Your Health as You Age

Groucho Marx famously said that age was not an interesting subject. "Anyone can get old," he quipped. "All you have to do is live long enough."

But for baby-boomers the topic is hardly banal - as the Canadian population ages, people have more and more questions about what to expect as they grow older.

The trouble is separating the hope from the hype, the true from the false. For all that aging is universal and inevitable, the mythology surround age-related health changes is rife with misinformation and half-truths.

MYTH or MAXIM: "Everyone gets dementia as they age"
False You misplace your keys, forget the name of a favourite restaurant and the excuse is, you're having a "senior moment." The reality is, not all seniors are forgetful or discombobulated.

"Dementia" is actually a catch-all phrase for a group of brain diseases that affect everything from memory and reasoning, to judgment, language, and perception. "The stats vary depending on what study you read but roughly 10% of people over 65 and 40% of people over 80 have dementia and the incidence continues to rise with age," says Dr Arja Moreau who has worked in the Elder Service Program at Kelowna Mental Health for more than a decade.

Alzheimer's disease is the most common type of dementia: in 2007, an estimated 450,000 Canadians over 65 were believed to have Alzheimer's or a related disease, the vast majority of them women. This number is expected to rise by 2011. Brain function can also be altered by strokes or other forms of damage to the brain and surrounding vasculature. That said, many men and women enter their golden years and leave this world with perceptions and memories far richer and more detailed then those of their harried offspring.

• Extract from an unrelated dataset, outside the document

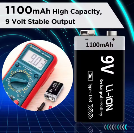 BATERIA 9V RECARGABLE CON CABLE USB TIPO C
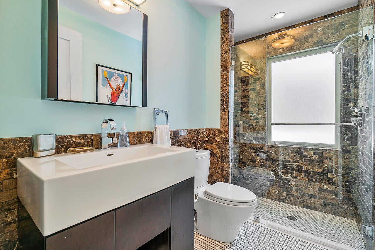 Welcome to the Island's only LEED Platinum-certified ''Green'' home--an architectural Art Deco jewel built in 2013 by Tim Givens and designed by Jacqueline Albarran. This outstanding residence, honored with the Schuler Award for architectural excellence, integrates solar panels, impact glass, and locally sourced materials. Nestled on the sought-after North End of Palm Beach, just two homes from the ocean with beach access, it epitomizes indoor-outdoor living. The home offers three ensuite bedrooms plus a flexible fourth bedroom, den, or yoga studio, along with a great room, open chef's kitchen, covered patio, and upper balconies. Southern exposure enhances the heated pool with swim jets, spa, and summer kitchen. Terrazzo and wood floors, ample closets, sound system & two car garage.

"The bottom line is that most seniors to not suffer from dementia," Moreau says.

MYTH or MAXIM: All men will develop prostate cancer if they live long enough

True (probably) While disputed, most experts acknowledge that prostate cancer would likely develop in most if not all men, should they survive every other disease that humans normally succumb to. That hypothesis, for obvious reasons, is impossible to prove. The good news, however, is that prostate cancer, despite being the most common cancer among Canadian men, is also one of the slowest growing forms of cancer. The Canadian Cancer Society estimates that, in 2007, an estimated 22,300 men will be diagnosed with prostate cancer; however, a much smaller number--4300--will die of it.

While these numbers may seem grim, the overall risk of dying of prostate cancer is minimal: in fact, most men will die of other causes before they develop any symptoms of prostate cancer.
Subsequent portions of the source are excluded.